Neil Geddes presented the requirements for remote computer centers based on what tasks they wish to address. France (IN2P3) appears to want to maintain the option to do full reconstruction which would require a full copy of the data. They have not decided whether to upgrade their STK silos to Redwood drives yet, and are watching carefully what CERN is doing. CERN is assuming they will replace all their current tertiary storage (mainly DLT with robots, and IBM 3590 (10 GByte carts) and older 3480/3490 (200 MB and 1 GB) based) and are going out for tender for a new "lights out" tertiary storage system based on robots and one of the modern high density/high bandwidth tape technologies. They hope to make a decision by the end of this year. For more details see: http://wwwcn.cern.ch/pdp/vm/tape_project.html.

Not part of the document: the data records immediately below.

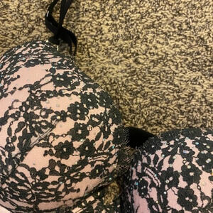 Victoria’s Secret Bling Rhinestone Lace Black & Pink Push-Up Bra
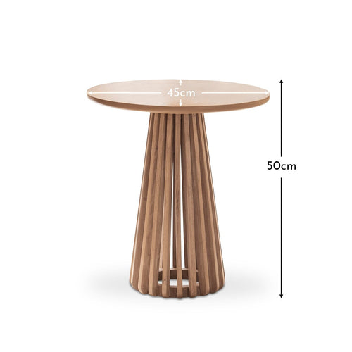 From the much-loved Willow range, in a new colour for 2025, this Willow whitewash wooden side table, is inspired by Japandi interior style. The round tabletop is made from oak veneer the slatted wood pedestal base is made from solid rubberwood, creating a uniquely stylish and practical furniture piece for your living room or bedroom.
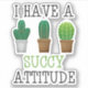 I Have A Succy Attitude. This funny succulent design is a great Christmas or birthday gift idea for a cactus lover and desert plant gardener. Perfect for men, women, girls and boys who loves gardening and cacti! If you’re a succa for succulents, love cactuses in your garden or as houseplants, and you’re interested in botany or are a botanist, then this gardening humour accessory is for you!
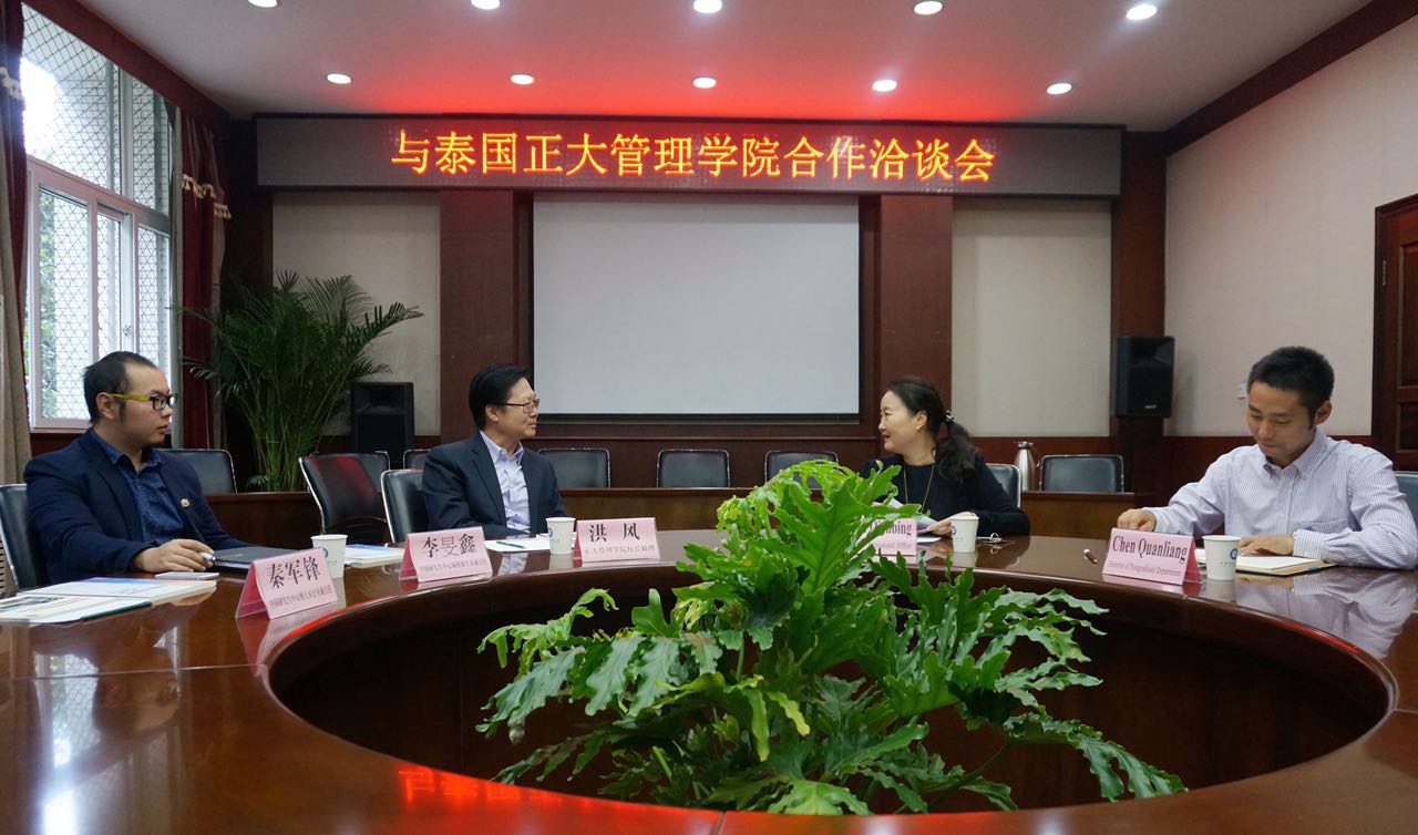 段黔冰对洪风一行的到访表示热烈欢迎,并介绍了我校目前国际交流与合作工作的发展目标。陈权亮介绍了我校的研究生培养情况及行业资源,希望在深入了解的基础上,能够开展相关合作。同时,洪风介绍了正大管理学院建立的博士项目及暹罗智库等。

Miscellaneous Items from BaBar Meeting

David Quarrie reported on his evaluations of Objectivity versus Object Store (Object Oriented Data Base Management Systems) and came down in favor Objectivity. The licensing is by host, and he expects to buy 10 developers licenses, plus 50 user licenses (run time libraries). In order to try and maintain agility to move to another vendor in the lifetime of Babar David wants to insist on staying compliant with standards (ODMG). This strategy is pretty much in line with what CERN is pursuing (according to Jamie Shiers of CERN).

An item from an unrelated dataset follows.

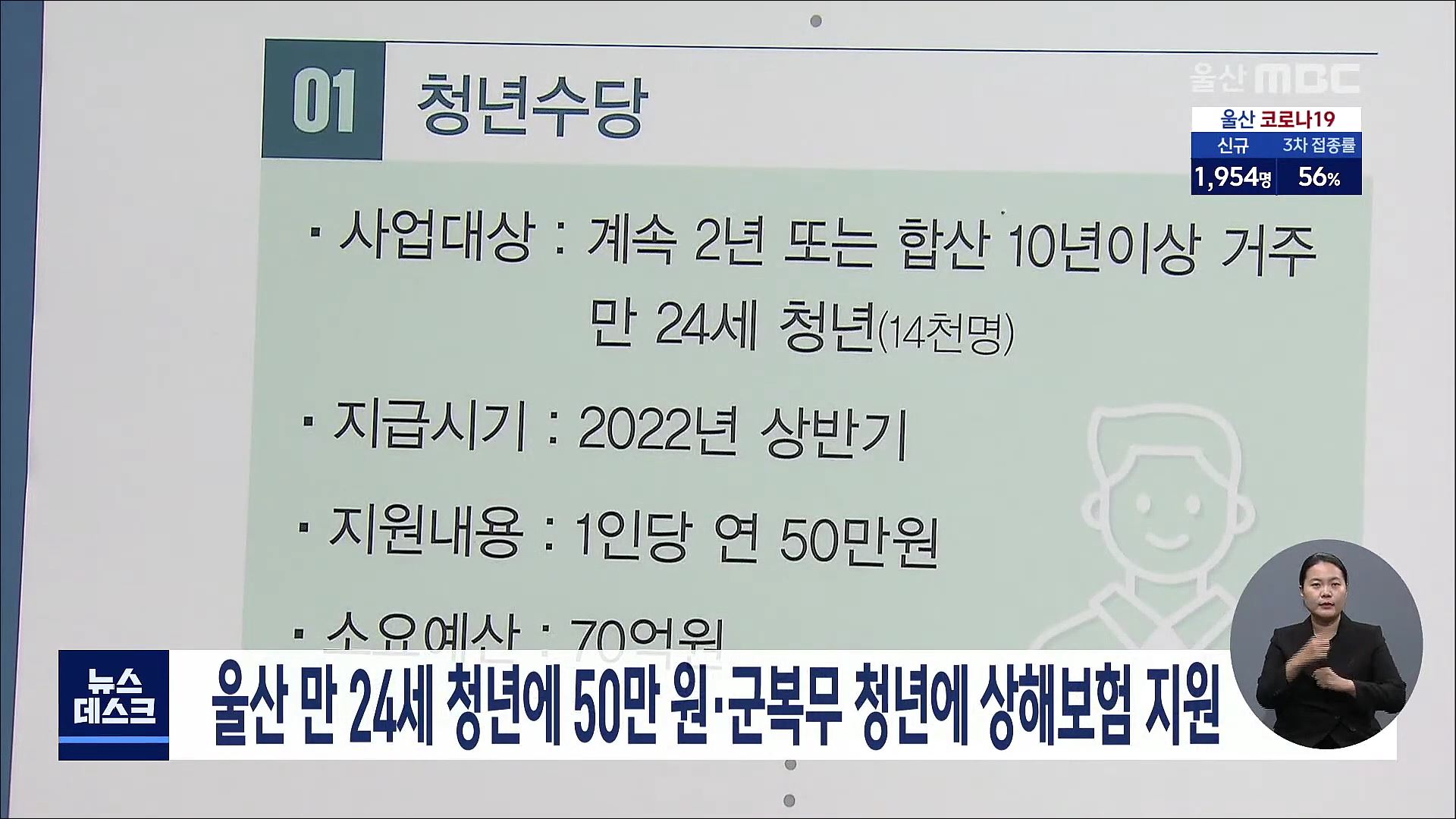 울산시가 '울산형 청년수당' 지급 사업을 시작합니다. 울산형 청년수당은 만 24세, 1997년생인 울산 청년에게 1년에 1차례 50만원을 지역 화폐로 지급하는 사업입니다. 울산시는 이와 함께 3월부터 군대에 간 울산 청년에게 별도의 절차 없이 보험에 가입되는 상해보험 지원 사업을 시작합니다.

The status of the various compilers, in particular vendor versus Gnu was unclear (to me). It appears that in order to support some products (e.g. Objectivity) it may be necessary to move more to the vendor compilers. CERN is recommending using vendor compilers and are working on providing good deals and interfaces to the vendors. Though there is little pressure for the Gnu supported compilers, they are available through the CERN ASIS service.

BaBar currently supports IBM AIX 3.2 and are moving to IBM AIX 4.x, HPUX 9 and are moving to HPUX 10, Digital Unix 3.2 and moving to Digital Unix 4. There is a problem with AFS under HPUX 9 which is believed to be fixed in HPUX 10. AFS also does not work under AIX 4.2 yet. The difficulty Transarc are already having tracking Unix vendor system releases is very concerning. I doubt things will get better as vendors start to support DFS, and the market for Transarc/AFS declines. Will Transarc have enough resources to continue to track systems releases across the major Unix systems?

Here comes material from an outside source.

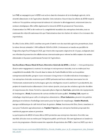 La participation du KFED à Grains Africa 2025 permettra aux entreprises émiraties d’accéder aux
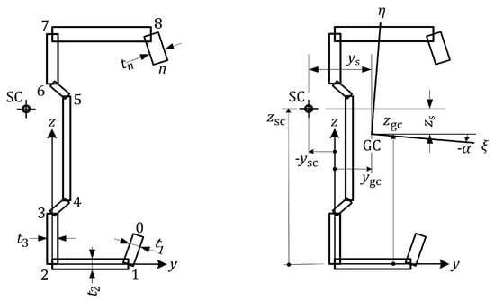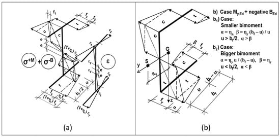 Table 13a,b, Table 14a,b and Table 15a,b contain formulae of all cross-sectional properties for (a) monosymmetric I-shaped sections, (b) channels, and (c) Z-sections, including relevant concomitant internal forces. The calculation of the approximate values is based on the midline model with thicknesses, taking into account (a) + (d) details of element connections (Figure 4). The formulae are presented in both (a) dimensionless form, enabling parametrical studies, and (b) formulae for direct design. They are proposed for educational purposes and the quick design of structures in practice as well. Wpl values relate to the fibers located in the midline, not to the surface of the section.

According to Alan Silverman of CERN, an LHC committee set up by the CERN director of research has recommended that LHC support only 2 Unix platforms.


Appendix: Itinerary of Trip

July 10Leave Menlo Park
July 11Arrive Dresden
July 13-14BaBar Online Computing Workshop
July 15-16BaBar Collaboration Meeting
July 16Leave Dresden, Arrive CERN, Geneva

Appendix: List of Persons Met During Trip

Since it was a large meeting, I met many BaBar collaborators from around the world who attended. In particular I should single out the following people whom I would not normally have had detailed discussions with.
Gerry Abrams LBL
Neil Geddes RAL
Bob Jacobsen LBL